Him and livestock—both pets of the Bárans. But his stomach growled, cramping with hollow pain, so he told Bero to bring whatever, enjoying the quiet when the boy went to fetch it. It seemed like years, not weeks, since he’d last visited the baths. That evening he’d washed himself clean of the ashes of too many dead before negotiating the peace treaty with Oria. Short-lived as that peace had been.
Then, as now, the elegant beauty of the underground chambers both enchanted and intimidated him. Built of carved gold and rose stone like the rest of Bára, the baths were pools of still water, several of them at varying temperatures, going from shallow to deeper than a man could stand. Elaborately carved pillars and arches supported the shadowy ceiling, the subtle light of the sconces not quite enough to illuminate it or the far corners of the room.

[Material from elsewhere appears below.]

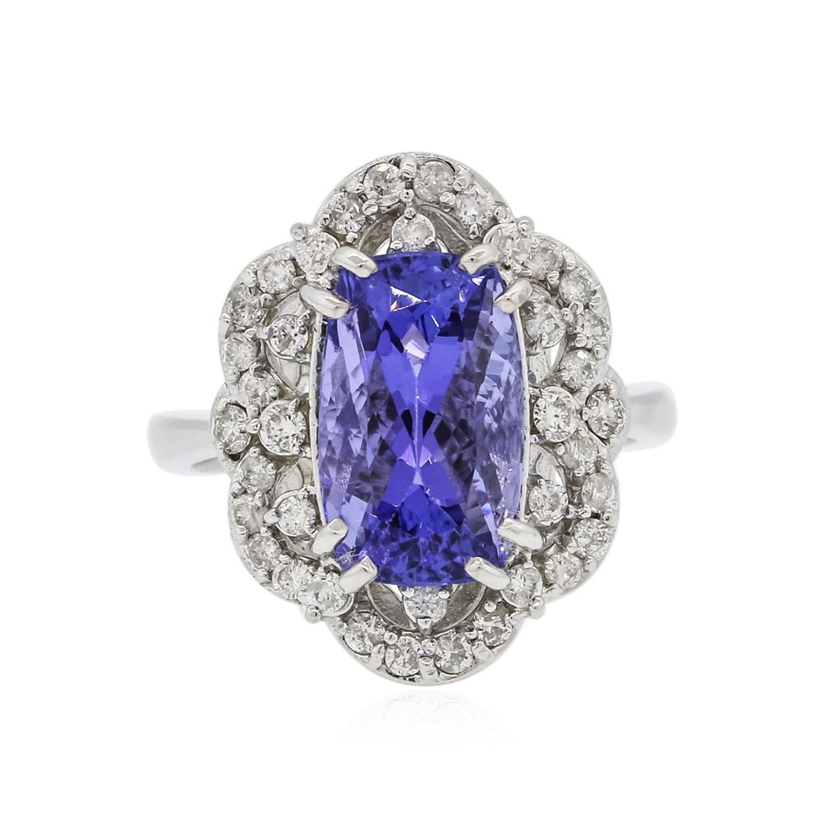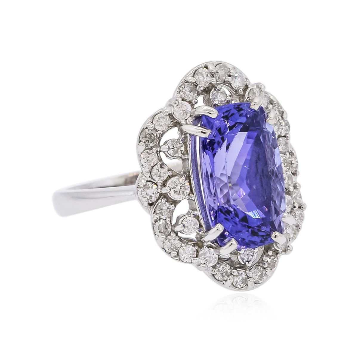 One electronically tested 14KT white gold ladies combination cast & assembled ring with a bright polish finish. Condition is new. Identified with markings of "K14". Containing: One prong set rectangular cushion modified brilliant cut natural tanzanite, measuring 12.40 x 7.57 x 6.62mm, approximate weight of 4.89ct., clarity is eye clean, type I, medium light, very slightly grayish, violet color, (GIA V 4/3), cut is good. Forty-Two prong set round brilliant cut diamonds, measuring 2.00 - 1.50 x 1.05mm (depth est.) approximate. Total Weight of 42 Stones = 0.85ct. Clarity: SI-2 to I-2. Color: I - J, Cut is Good. Colored gemstones are presumed to have been subjected to commonly used enhancement processes. All diamonds and colored gemstones are graded in the mounting, unless otherwise stated. Total Weight of Colored Stones 4.89ct. Total Weight of Diamonds 0.85ct. Total Weight of Ring 6.20 grams. GGL Appraised at $10,040.00.

For a man who’d learned to jump at shadows, he found it surprisingly lulling. As evidenced by his falling asleep deeply enough to dream, though the nightmares were nothing new. The cursed things plagued him most nights. Odd to see Natly in this one, though, rather than Oria stalking him. A facet perhaps of his dramatically changed reality—exchanging one fiancée for the other. It appeared that by agreeing to marry Oria, he’d now have Natly haunting his sleep.
At least no one else had heard him cry out. He had the place to himself on this occasion. Probably the Bárans didn’t bathe in the middle of the day. The baths simply remained filled, awaiting their convenience.
A shocking waste of water.
Bero returned, setting down a platter of food and a jug of wine, along with a tray of shining instruments. “Would you like me to shave you before you eat, or after, Your Highness?”
Reflexively, Lonen clapped a hand over his beard. He had no doubt he looked scruffy from his travels, and in comparison to the Báran men who were all clean shaven that he’d seen, but...
“Is that another of Princess Oria’s edicts?” He asked, not bothering to disguise the sarcasm.
Bero ducked his head, clearly chagrined. “I apologize, Your Highness. Please forgive me. I did not mean to offend. When I serve the prince and folcwitas at their baths, they—”
Lonen held up a hand to stop the increasingly penitential torrent of explanation from the already nervous boy. “No apologies. I am short-tempered.” He rinsed himself one last time, then rose from the water.
“Your Highness, I did not mean to abbreviate your bath.” Bero sounded even more contrite.
“You didn’t. I’m clean and I don’t need to lie about, indulging myself.” Especially not while his people could be dying by the Trom’s dragon-breath while he luxuriated in deep water and napped. Oria had said she’d stop the incursions, but she’d also promised him that very thing before this. He had no reason to trust her—and plenty of evidence otherwise. Better to be ready to fight whatever battle presented itself next.